Tag Archives: pets

I’ve waited 27 days to write this

27 Aug

Today I felt inspired to do this:

Karma's a bitch.

You might be thinking “What, I did not subscribe to a crafting blog. What the eff is this?”

Don’t worry, this is NOT a crafting blog, nor will it ever be. So let me explain. Bit of background info: I am renting a bedroom in a sketchy, messy 3 bedroom house that’s occupied by a family. Why? I moved to Colorado and needed to lock down a random sublet so that I’d have a place to live while going on job interviews and just trying to make my way out here. I found this place on Craigslist, was stressed out and sick of searching for apartments and jobs, and mailed them a check, sight unseen.

I knew it wasn’t going to be ideal, but I didn’t know it would be like this.

Laundry room:

gross laundry room

I think they took the concept of a “laundry room” literally, because there are clothes EVERYWHERE. I’m assuming they’re still like that, because I haven’t been down there since my first time doing laundry. I’d be okay with wading through other people’s dirty clothes, but it also smells like cat pee and, on top of that, a few days ago there was a sewage leak. Once a personal preference, now a safety hazard. I’m out of clean underwear.

Living room: 

messy living room

Mostly uninhabitable, 2 points for irony! The one time I sat on the couch was the last time I sat on the couch, frankly because I’m afraid of whatever is lurking in the cushions that’s feeding off Cheetos from 2008.

Parents:

I met the mother, Buffy, when she was talking on a Nokia cell phone as she walked through the front door. She hung up and told her husband:

“We can’t use this cell phone, they can track it. We need to get another cell phone.”

Then she turned to me and explained that Hunter’s father was trying to find out where his son was because they just got custody of him (red flag #1). Then she introduced herself to me. Best first impression ever!

(Later, the mother told me that she’s a germaphobe. Several times, actually.

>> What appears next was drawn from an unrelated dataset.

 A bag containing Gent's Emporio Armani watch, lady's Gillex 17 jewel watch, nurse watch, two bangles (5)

Please refer to the previous pictures of the house, and let me know if you find this amusing too.)

Kids:

neenu

This is the 2 year-old girl who follows me around everywhere. She’s cute but she often stinks because her parents don’t bother changing her diaper or her clothes.

red head

This picture represents the 6 year-old BONUS child named Hunter. I don’t have a picture of him because I don’t like him, so this picture of a redhead should suffice. I say “bonus” child because the day I moved in, the father sat me down in the foyer (nearly gave me a heart attack — who “sits” their tenants down upon arrival?) and told me that, surprise, Hunter would be living with the family. I was informed that Hunter is the wife’s child from an abusive relationship that she “just got out of.” ..Red flag #2.

“The Wall”

Every wall in the living room is known as “The Wall,” which is a more spacious form of “The Corner.” As in “Hunter!??? GET ON THE WALL!” Said child stomps over to The Wall, faces it, and the parents continue watching TV. Child turns and watches the TV. Child stands there for 45 minutes, because he spoke while on The Wall and thus extended his initial “minute” on the wall by 44 minutes. Actually, even a well-behaved “minute” can last 20 minutes — I’ve seen it a couple times.

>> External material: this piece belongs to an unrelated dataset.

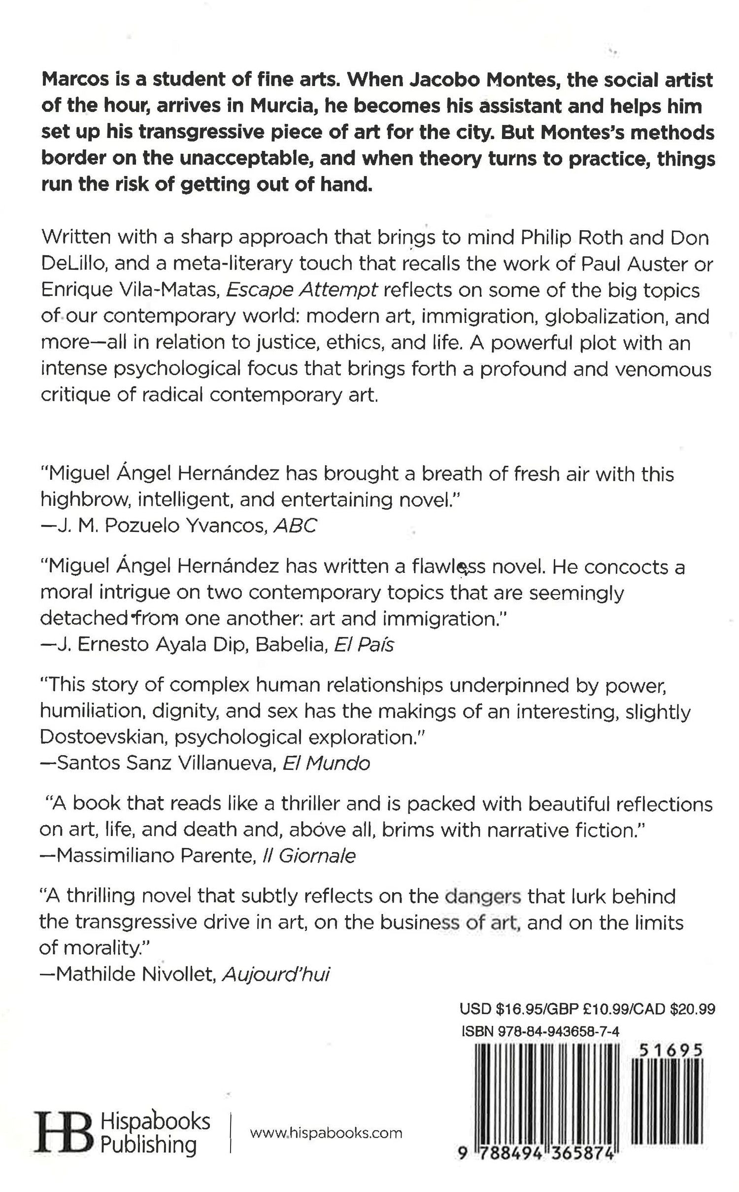 Marcos is a student of fine arts. When Jacobo Montes, the social artist of the hour, arrives in Murcia, he becomes his assistant and helps him set up his transgressive piece of art for the city. But Montes's methods border on the unacceptable, and when theory turns to practice, things run the risk of getting out of hand. Written with a sharp approach that brings to mind Philip Roth and Don DeLillo, and a meta-literary touch that recalls the work of Paul Auster or Enrique Vila-Matas, Escape Attempt reflects on some of the big topics of our contemporary world: modern art, immigration, globalization, and more--all in relation to justice, ethics, and life.A powerful plot with an intense psychological focus that brings forth a profound and venomous critique of radical contemporary art.

This is not a recommended form of parenting.

Sooooooo how does the Karma’s a Bitch mason jar fit into all this?

Well, for the past four or five days, the family’s been gone.

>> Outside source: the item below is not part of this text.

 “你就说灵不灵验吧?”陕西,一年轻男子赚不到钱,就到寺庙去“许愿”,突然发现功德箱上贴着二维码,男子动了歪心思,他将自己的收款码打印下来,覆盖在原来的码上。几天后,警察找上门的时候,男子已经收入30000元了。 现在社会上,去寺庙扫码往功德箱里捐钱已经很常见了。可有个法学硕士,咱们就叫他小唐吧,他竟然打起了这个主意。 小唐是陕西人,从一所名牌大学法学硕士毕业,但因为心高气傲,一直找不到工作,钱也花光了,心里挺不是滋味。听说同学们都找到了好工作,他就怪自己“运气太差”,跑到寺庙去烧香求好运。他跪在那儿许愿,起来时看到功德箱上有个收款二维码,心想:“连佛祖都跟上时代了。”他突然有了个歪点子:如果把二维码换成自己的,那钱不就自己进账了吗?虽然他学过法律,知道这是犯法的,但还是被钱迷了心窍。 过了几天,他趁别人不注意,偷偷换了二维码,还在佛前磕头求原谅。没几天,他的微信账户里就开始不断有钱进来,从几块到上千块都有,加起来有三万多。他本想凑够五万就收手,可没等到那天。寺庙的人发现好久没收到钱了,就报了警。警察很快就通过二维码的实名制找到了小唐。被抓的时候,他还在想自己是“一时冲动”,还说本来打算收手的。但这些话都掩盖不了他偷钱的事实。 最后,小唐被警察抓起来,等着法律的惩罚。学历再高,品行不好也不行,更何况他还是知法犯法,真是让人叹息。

“I found out that they’re not coming back,” said the shirtless/hairy man that also rents a room in the house (another surprise). He was on his way to the bathroom holding a shower caddy. One perk of living with creepy older men is that you get to see them on their way to shower or use the bathroom, and then get visualizations of things to come. Ugh.

“What? Wait.. what? I thought they owned the house?” I was surprised, but also kind of amused at the same time. Nothing really shocked me at this point in the game.

“No, I guess they rent it.” Aha.. Renters were renting to renters. Quite clever of them. “Yea, Buffy’s sister came by earlier this morning when you were gone, and she said that they weren’t coming back, and she asked me if I wanted to keep the cats.”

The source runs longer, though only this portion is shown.